Genoplesium arrectum, commonly known as erect midge orchid and as Corunastylis arrecta in Australia, is a small terrestrial orchid endemic to south-eastern Australia. It has a single thin leaf fused to the flowering stem and up to twenty small, dark purple flowers. It grows in a montane and subalpine grassland and forest in Victoria and the Australian Capital Territory.

==Description==
Genoplesium arrectum is a terrestrial, perennial, deciduous, herb with an underground tuber and a single thin leaf 100-180 mm long and fused to the flowering stem with the free part 10-15 mm long. Between three and twenty dark purple flowers are crowded along a flowering stem 20-35 mm tall and taller than the leaf. The flowers are about 6 mm long, 3 mm wide and are inverted so that the labellum is above the column rather than below it. The dorsal sepal is a broad egg shape, about 4 mm long and 2.5 mm wide with hairless edges and dark coloured bands. The lateral sepals are linear to lance-shaped, about 5 mm long, 1 mm wide, stiffly erect and more or less parallel to each other.
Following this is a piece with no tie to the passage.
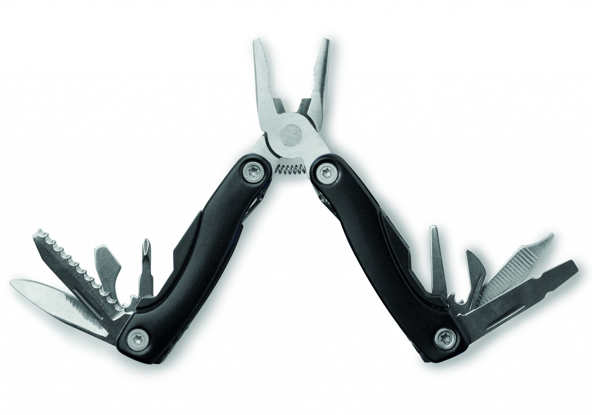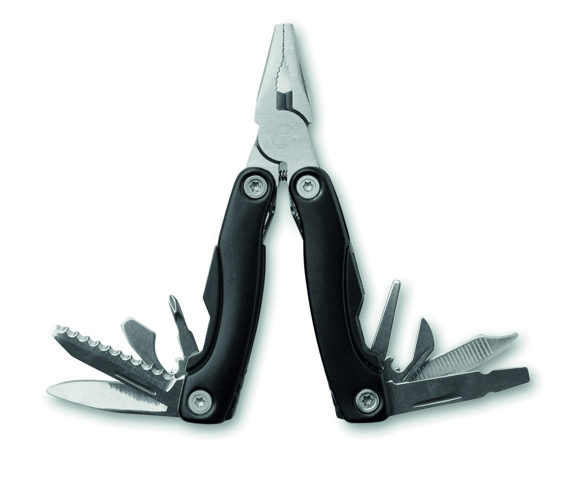 Foldable multi-tool in stainless steel with stainless steel pliers. 9 tool functions. 600D polyester pouch included.

The petals are a narrow egg shape, about 3.5 mm long and 1 mm wide with dark coloured bands and hairless edges. The labellum is elliptic to broadly egg-shaped, about 3 mm long, 2 mm wide, thick and fleshy with coarse hairs on its edges. There is a narrow egg-shaped callus in the centre of the labellum and extending three-quarters of the way to its tip. Flowering occurs in December and January.

==Taxonomy and naming==
Genoplesium arrectum was first formally described in 1991 by David Jones from a specimen collected near Omeo and the description was published in Australian Orchid Research. In 2002 Jones and Mark Clements changed the name to Corunastylis arrecta. The specific epithet (arrecta) is a Latin word meaning "upright", referring to the stiffly erect lateral sepals.

==Distribution and habitat==
Genoplesium arrectum grows in grassland and grassy forest at altitudes above 900 m in north-eastern Victoria and in the Australian Capital Territory.